- YOUR GOAL -
Exact reproduction is required for the lines below starting at the line with "Activity logs •" and ending at the line with "Pranarom Aromaforce Solución", both included. No other lines, and no pictures.

*** Opening of DATA SHOWN ***

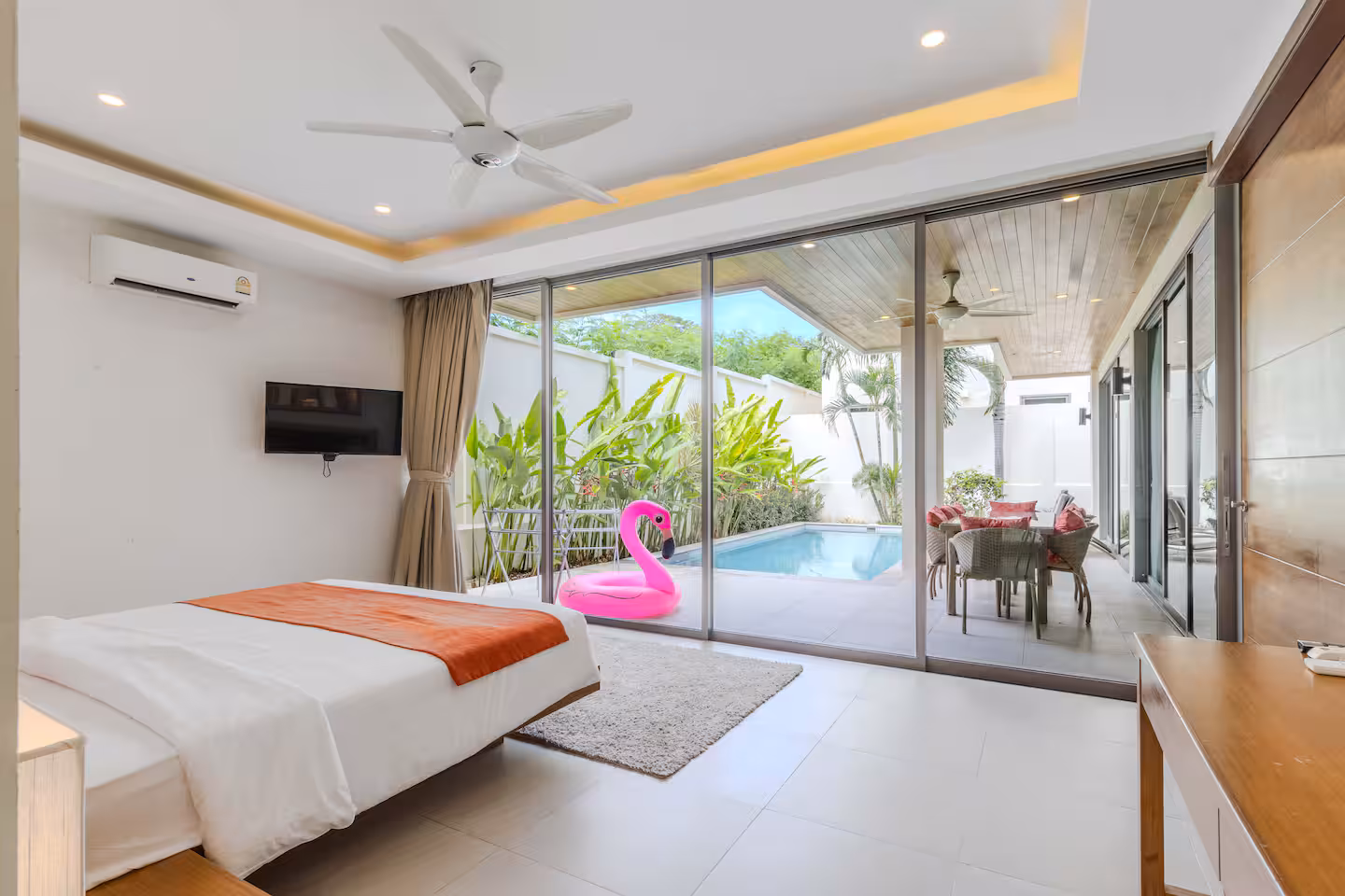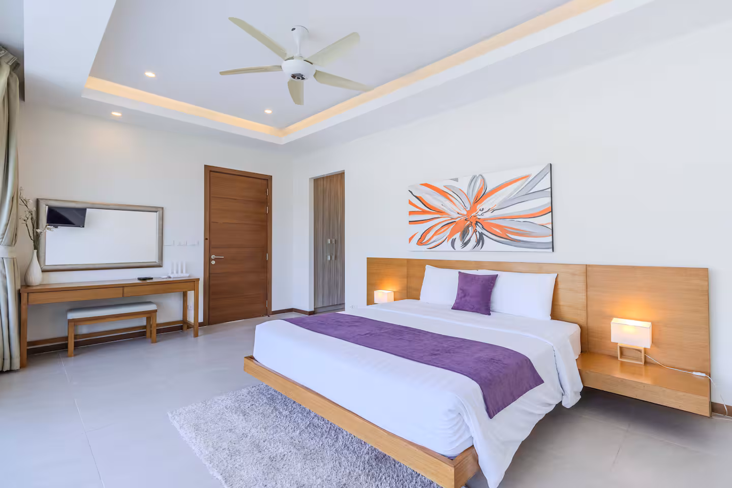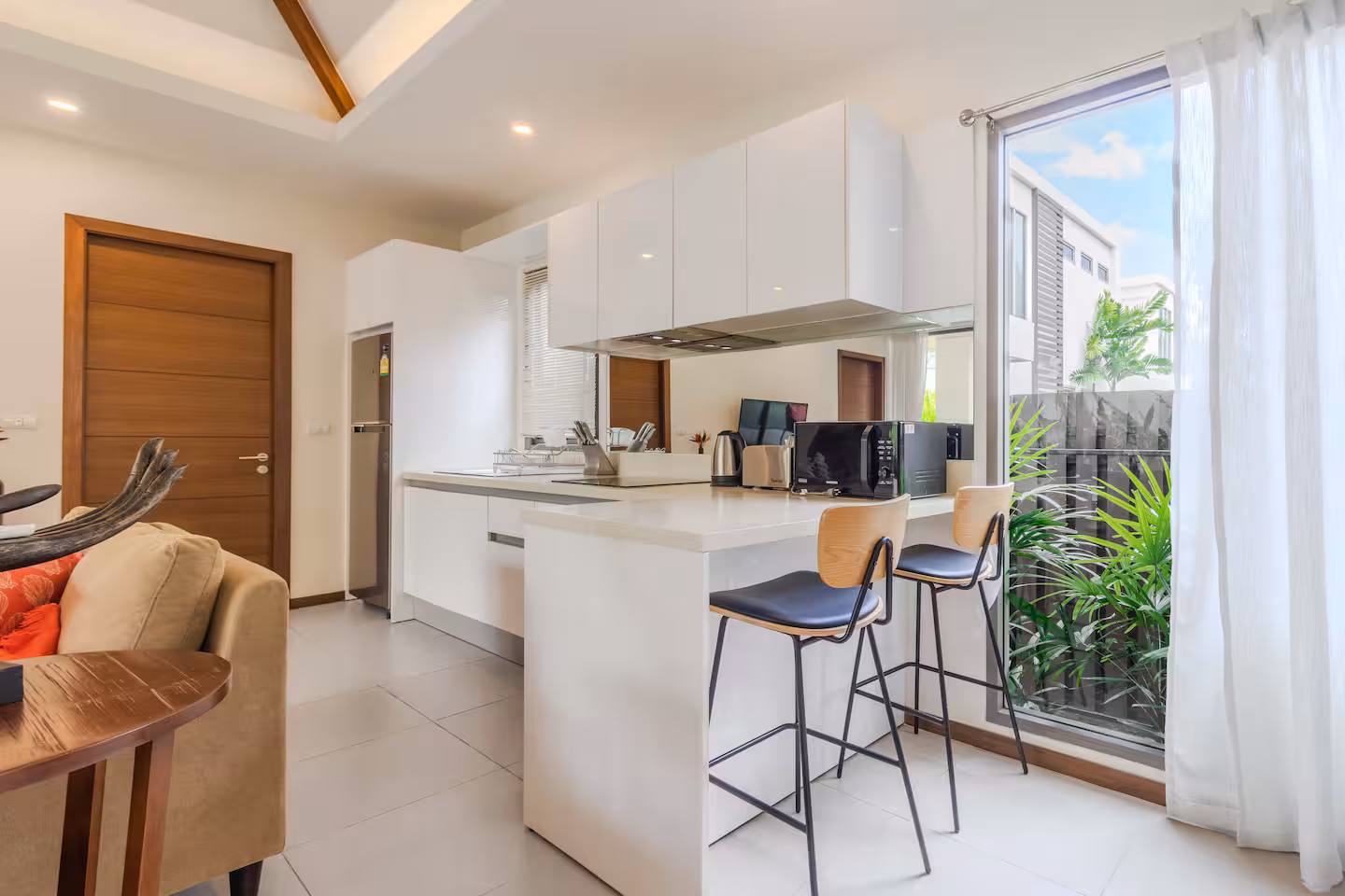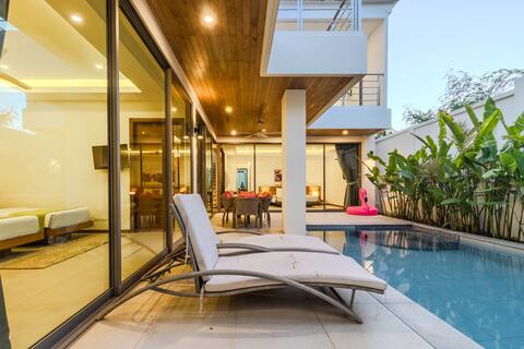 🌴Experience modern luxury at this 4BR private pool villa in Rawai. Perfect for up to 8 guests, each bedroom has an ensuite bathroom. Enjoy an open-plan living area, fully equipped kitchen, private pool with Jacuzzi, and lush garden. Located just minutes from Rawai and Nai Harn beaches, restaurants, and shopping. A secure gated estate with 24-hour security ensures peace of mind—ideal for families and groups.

*** Close of DATA SHOWN ***
*** Opening of DATA SHOWN ***

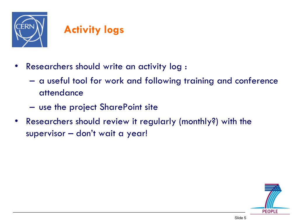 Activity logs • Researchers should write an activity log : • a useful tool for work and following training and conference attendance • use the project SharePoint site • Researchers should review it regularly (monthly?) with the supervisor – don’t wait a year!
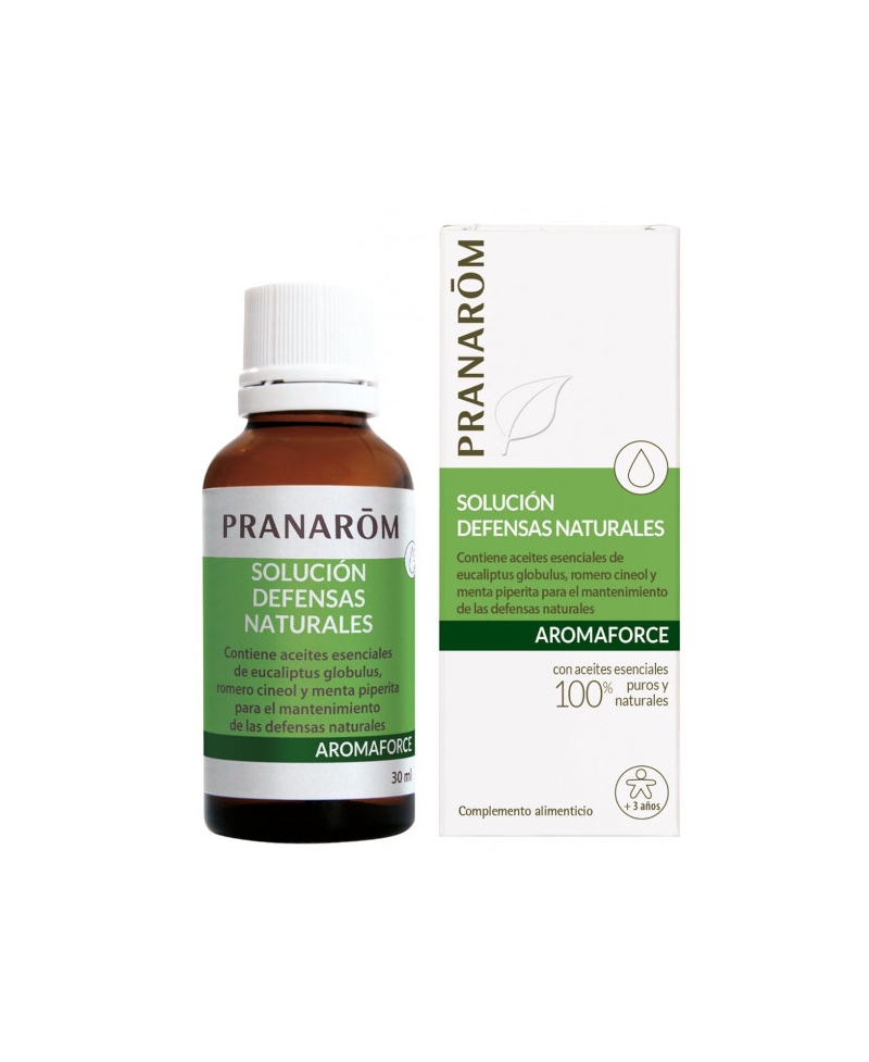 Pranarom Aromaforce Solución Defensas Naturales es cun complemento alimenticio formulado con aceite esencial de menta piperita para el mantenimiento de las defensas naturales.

*** Close of DATA SHOWN ***

- EXERCISE ANSWER -
 Activity logs • Researchers should write an activity log : • a useful tool for work and following training and conference attendance • use the project SharePoint site • Researchers should review it regularly (monthly?) with the supervisor – don’t wait a year!
 Pranarom Aromaforce Solución Defensas Naturales es cun complemento alimenticio formulado con aceite esencial de menta piperita para el mantenimiento de las defensas naturales.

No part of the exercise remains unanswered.